Work item = Set down all of the entries word for word, omitting the images they contain.

[Saved data entries]
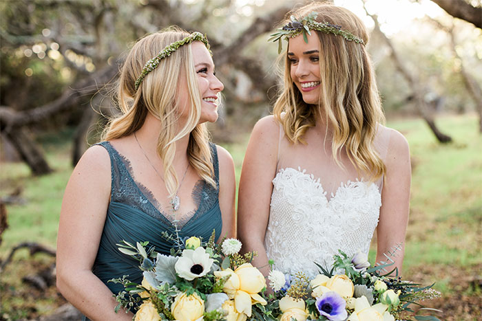 I’m also swooning of the casual, wispy wedding hair the bride and bridesmaid have with their floral crowns. It is so delicate and effortlessly beautiful. The color of blue in the bridesmaid dress is perfection. It has a hint of earthiness to it, while still be classically blue, which is apparently the most popular color for bridesmaid dresses in the U.S.
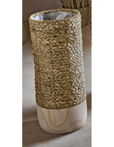 Jarrón-paragüero cuerda natural madera, destaca por su acabado en cuerda de fibras naturales trenzadas sobre una estructura de varillas metálicas que le confiere resistencia y estilo. La base en madera de paulownia aporta un contraste cálido que lo hace atractivo tanto como accesorio funcional en entradas, como paragüero, o como pieza decorativa en salones y dormitorios. Su interior forrado en plástico lo hace versátil y seguro para contener objetos, ramas o cañas decorativas. Una opción perfecta para quienes buscan añadir un toque natural y acogedor a su hogar.
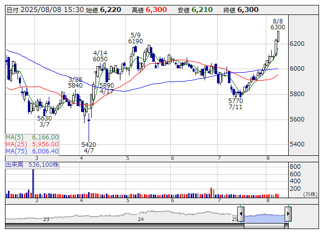 マクドナルド <日足> 「株探」多機能チャートより売上高は4125億円(同1.7%増)の従来見通しを据え置いたものの、「メニュー・バリュー」「店舗ポートフォリオ・デジタル」「サステナビリティ・ピープル」の3つの領域に注力し、直営店舗とフランチャイズ店舗を合わせたシステムワイドセールスの成長を図ったことで既存店売上高が上期時点で39四半期連続増加したほか、店舗オペレーションの効率化なども寄与し、上期業績が好調だったことが要因という。
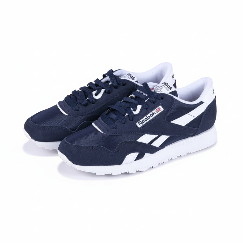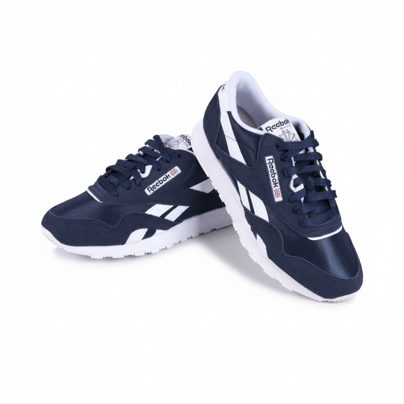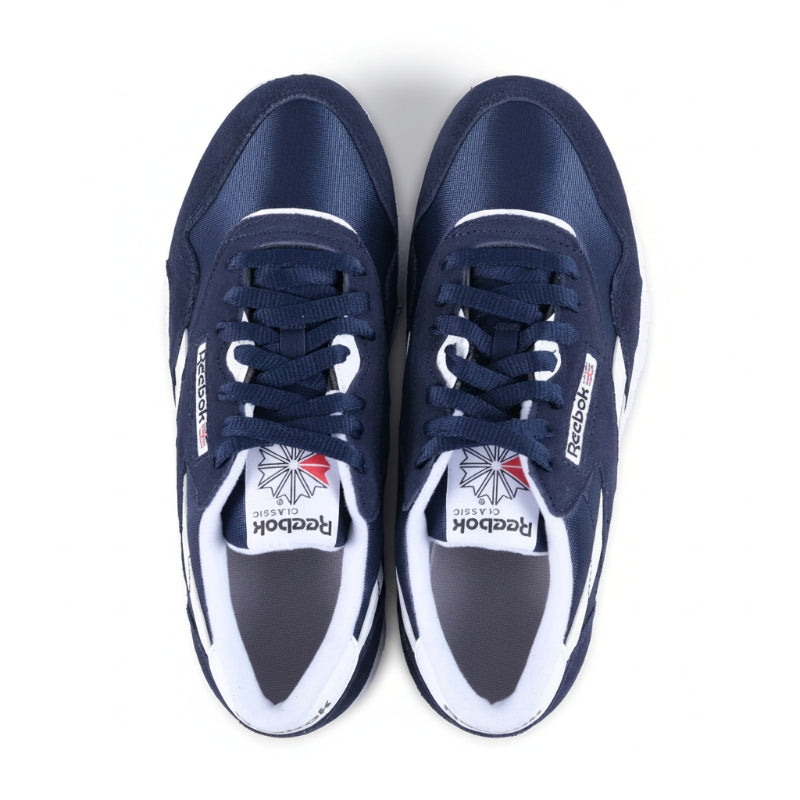 The Reebok Classic Nylon Sneakers combine vintage flair with modern comfort in a clean navy and white design. Their lightweight build and cushioned sole make them a stylish choice for everyday wear.
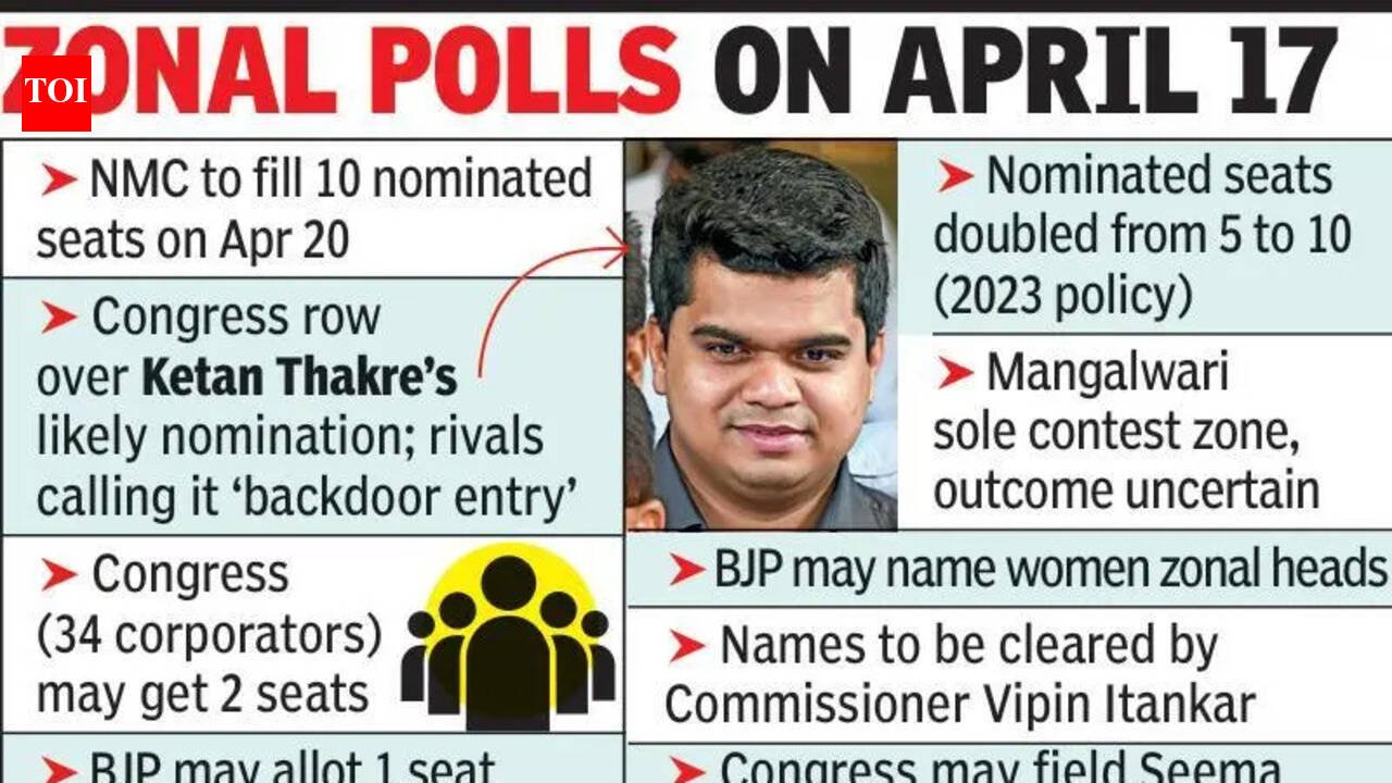 Nagpur: Nearly 3 months after civic polls, Nagpur Municipal Corporation (NMC) is set to fill 10 nominated corporator posts in the April 20 general body meeting, with the ruling BJP poised to further cement its dominance in the House. Backed by 102 corporators, BJP is expected to secure seven of the 10 seats, reflecting its overwhelming numerical strength.The political spotlight, however, has shifted to the Congress camp — where likely nomination of city Congress president Vikas Thakre’s son Ketan — has triggered sharp reactions, with rivals terming it “backdoor entry” into electoral politics.Ketan, who did not contest the recent civic polls, is among the frontrunners for nomination. Sources said he was initially expected to contest from the Dharampeth zone but chose to stay away amid apprehensions of a tough contest. His possible entry through nomination is being viewed as a strategic move by Congress to induct him into active politics without facing the electoral test. Party insiders, however, argue that nominations are meant to recognise organisational work and public connect, not merely electoral victories.Businessman Atul Kotecha, also in fray from Congress, with the party, which has 34 corporators, likely to secure 2 nominated seats.As part of alliance adjustments, BJP is expected to allocate one nominated seat to its ally, Shiv Sena (Shinde), while AIMIM, with six corporators, is set to get one seat. From the BJP, the names of Sanjay Thakre, Jitu Thakur, Subodh Acharya, Ritesh Gawande, Devendra Meher, and Vinod Baghel are almost considered final. BJP alone has reportedly received more than 700 applications, while the Congress has seen more than 300 aspirants. Sources said BJP has finalised names of 6 nominated corporators.Zonal chairperson polls will be held on April 17. While BJP is comfortably placed in 8 zones, Congress in Mangalwari, Ashi Nagar remains sole battleground. Like chairpersons of all committees, BJP may nominate women corporators to head the zones. Even Congress may nominate Seema Dawre as Mangalwari zone chairperson.
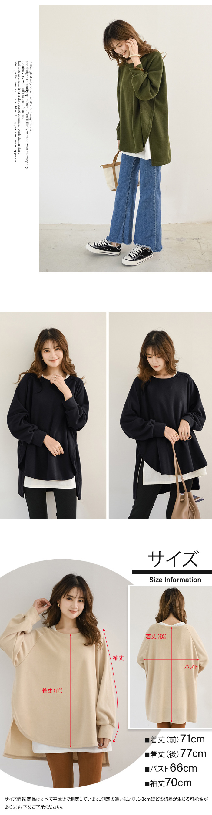 フリー = 着丈(前)71、 着丈(前)77、バスト66cm、袖丈70

Solution =
 I’m also swooning of the casual, wispy wedding hair the bride and bridesmaid have with their floral crowns. It is so delicate and effortlessly beautiful. The color of blue in the bridesmaid dress is perfection. It has a hint of earthiness to it, while still be classically blue, which is apparently the most popular color for bridesmaid dresses in the U.S.
 Jarrón-paragüero cuerda natural madera, destaca por su acabado en cuerda de fibras naturales trenzadas sobre una estructura de varillas metálicas que le confiere resistencia y estilo. La base en madera de paulownia aporta un contraste cálido que lo hace atractivo tanto como accesorio funcional en entradas, como paragüero, o como pieza decorativa en salones y dormitorios. Su interior forrado en plástico lo hace versátil y seguro para contener objetos, ramas o cañas decorativas. Una opción perfecta para quienes buscan añadir un toque natural y acogedor a su hogar.
 マクドナルド <日足> 「株探」多機能チャートより売上高は4125億円(同1.7%増)の従来見通しを据え置いたものの、「メニュー・バリュー」「店舗ポートフォリオ・デジタル」「サステナビリティ・ピープル」の3つの領域に注力し、直営店舗とフランチャイズ店舗を合わせたシステムワイドセールスの成長を図ったことで既存店売上高が上期時点で39四半期連続増加したほか、店舗オペレーションの効率化なども寄与し、上期業績が好調だったことが要因という。
 The Reebok Classic Nylon Sneakers combine vintage flair with modern comfort in a clean navy and white design. Their lightweight build and cushioned sole make them a stylish choice for everyday wear.
 Nagpur: Nearly 3 months after civic polls, Nagpur Municipal Corporation (NMC) is set to fill 10 nominated corporator posts in the April 20 general body meeting, with the ruling BJP poised to further cement its dominance in the House. Backed by 102 corporators, BJP is expected to secure seven of the 10 seats, reflecting its overwhelming numerical strength.The political spotlight, however, has shifted to the Congress camp — where likely nomination of city Congress president Vikas Thakre’s son Ketan — has triggered sharp reactions, with rivals terming it “backdoor entry” into electoral politics.Ketan, who did not contest the recent civic polls, is among the frontrunners for nomination. Sources said he was initially expected to contest from the Dharampeth zone but chose to stay away amid apprehensions of a tough contest. His possible entry through nomination is being viewed as a strategic move by Congress to induct him into active politics without facing the electoral test. Party insiders, however, argue that nominations are meant to recognise organisational work and public connect, not merely electoral victories.Businessman Atul Kotecha, also in fray from Congress, with the party, which has 34 corporators, likely to secure 2 nominated seats.As part of alliance adjustments, BJP is expected to allocate one nominated seat to its ally, Shiv Sena (Shinde), while AIMIM, with six corporators, is set to get one seat. From the BJP, the names of Sanjay Thakre, Jitu Thakur, Subodh Acharya, Ritesh Gawande, Devendra Meher, and Vinod Baghel are almost considered final. BJP alone has reportedly received more than 700 applications, while the Congress has seen more than 300 aspirants. Sources said BJP has finalised names of 6 nominated corporators.Zonal chairperson polls will be held on April 17. While BJP is comfortably placed in 8 zones, Congress in Mangalwari, Ashi Nagar remains sole battleground. Like chairpersons of all committees, BJP may nominate women corporators to head the zones. Even Congress may nominate Seema Dawre as Mangalwari zone chairperson.
 フリー = 着丈(前)71、 着丈(前)77、バスト66cm、袖丈70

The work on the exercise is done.